With the increased availability of timber materials, such as cross-laminated timber, the number of buildings using timber as a structural material has been rapidly increasing. As these buildings are new to the market, limited data and research on their long-term structural modal performance are available. This is particularly important in timber buildings since the material properties of wood are highly affected by environmental factors, especially the moisture content. Over time, the evolution of the dynamic properties is essential for damage indication in structural health monitoring systems since natural changes can mask the influence of damage.
This work presents three years of observations from a structural monitoring system collecting data ever since completing a four-story timber-concrete hybrid building in Sweden. Ambient vibrations of the building were measured using geophones, resulting in 3,100 datasets. The temperature and relative humidity were measured both externally using a weather station and internally using sensors embedded in several walls and a slab in the building.

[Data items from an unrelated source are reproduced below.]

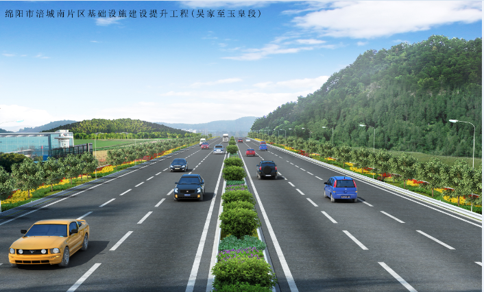 該項(xiàng)目是二級(jí)公路拓寬為一級(jí)公路,路基總寬度23~33米,路面結(jié)構(gòu)類(lèi)型為瀝青混凝土路面,為配合道路工程的提升,在路基兩側(cè)設(shè)置綠化帶,路線起于綿陽(yáng)市二環(huán)路吳家鳳凰立交,沿現(xiàn)有道路前行,經(jīng)吳家鎮(zhèn)、楊家鎮(zhèn)、玉皇鎮(zhèn),止于涪城區(qū)與中江縣交界處。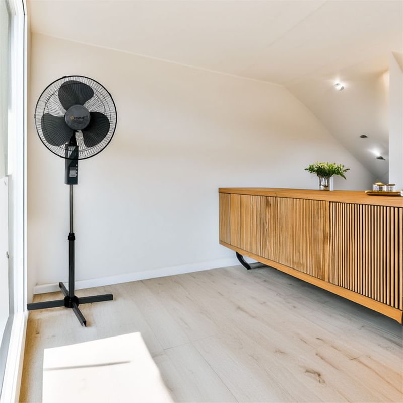 El ventilador de pedestal Imaco FS1631 P8777 combina estilo negro con versatilidad, y ofrece un tamaño compacto de 20.7 pulgadas para caber en distintas estancias. Su diseño 3 en 1 permite transformarlo de pedestal a mesa o a instalación en la pared, adaptándose a la disposición del espacio.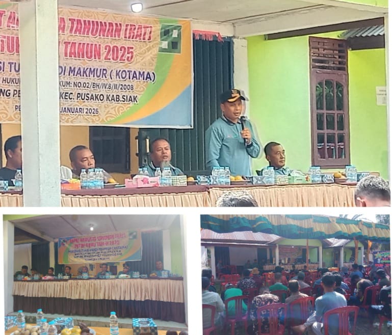 Rapat Anggota Tahunan (RAT) berlangsung di halaman Kantor Koperasi Tuah Abadi Makmur (KOTAMA) Kampung Pebadaran, kecamatan Pusako kabupaten Siak, "tutup buku tahun 2025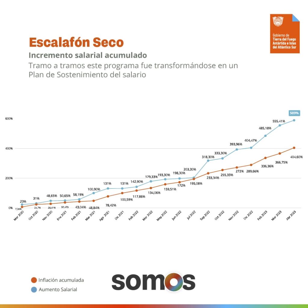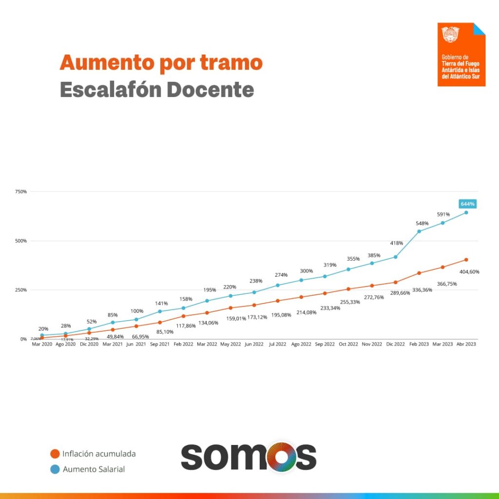 En cuanto al escalafón docente, Tierra del Fuego es la única provincia de la Patagonia que alcanzó durante el primer semestre de este año un incremento en los salarios del 41,26%, seguida de Neuquén y Santa Cruz con un 28%, Chubut con un 24% y Río Negro con un 19%. Así, en marzo de 2022 un docente cobraba $73.807,67 mientras que en mayo de 2023 percibió $185.883,49, un aumento acumulado de un 134% contra un 103,6% de inflación. Desde marzo de 2020 a la fecha el aumento salarial del sector alcanzó un 644% contra el 404,60% de inflación.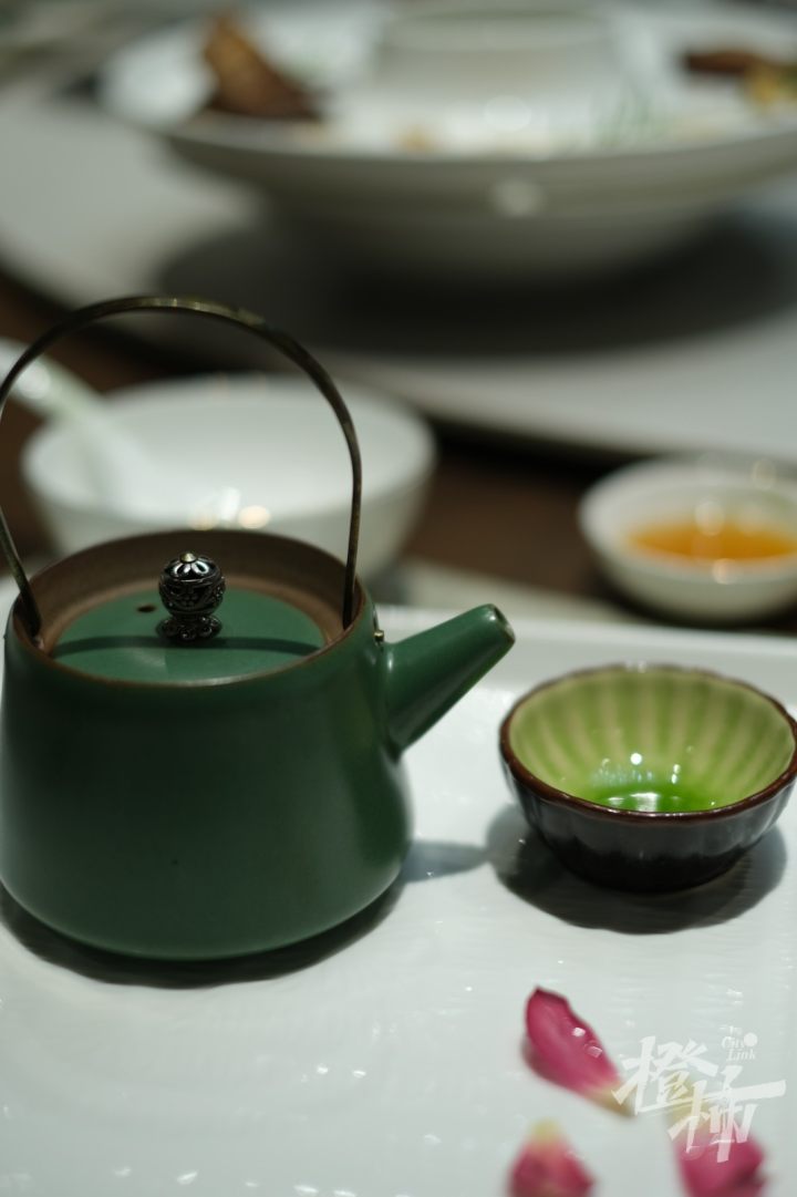因为店名带茶,茶聊日式昆布海鲜汤就是盛在青瓷茶壶里的,每一次将汤水从茶壶倒向小茶杯,都觉得自己忒优雅。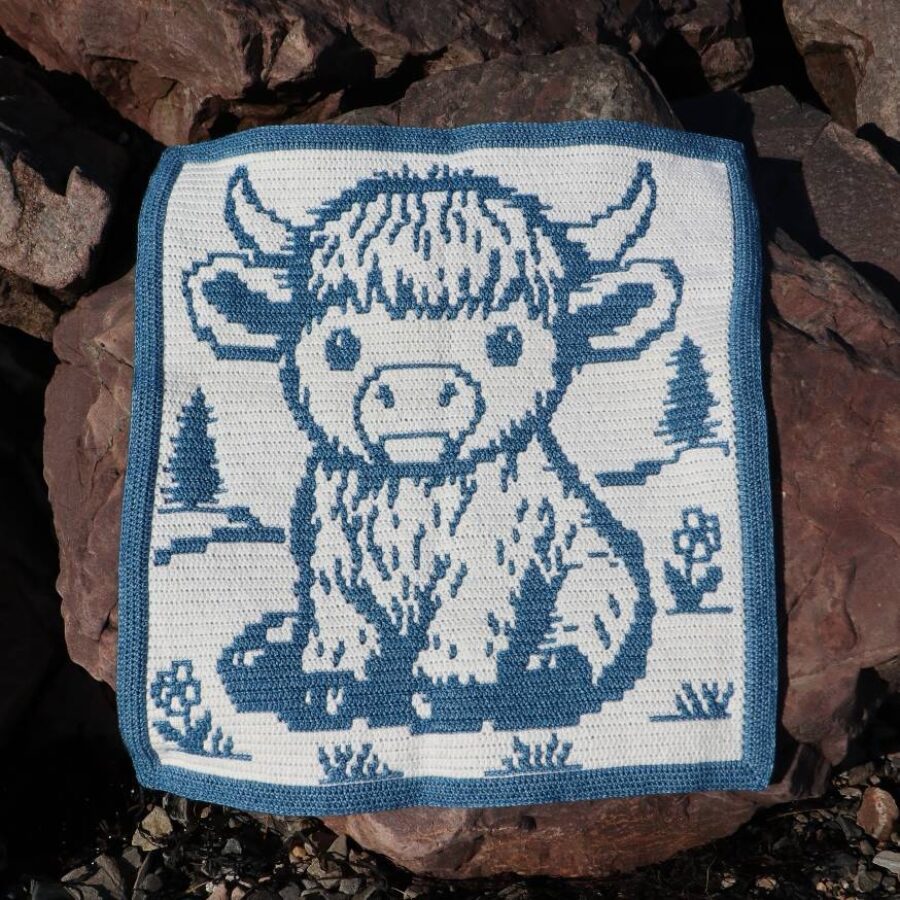 Looking for a unique and special crochet blanket for a baby or child? Look no further than this cute highland cow crochet blanket. The blanket would keep your child warm, would soften any surface he or she was placed on and it would look amazing wrapped around him or her. As it is crochet with the mosaic technique, it’s extra soft & thick.

The observed natural frequencies of the building vary with ± 0.2 Hz around the mean value over time. Linear regression analysis shows a significant correlation between the moisture content of a cross-laminated timber slab and the natural frequencies (coefficient of determination up to 0.84). A predictive model for the natural frequencies is presented, taking seasonal variations and a dry-out of the structure into account. Variations from the expected values are ± 0.1 Hz at most. The model clearly narrows the error margins for damage indication in a structural health monitoring system.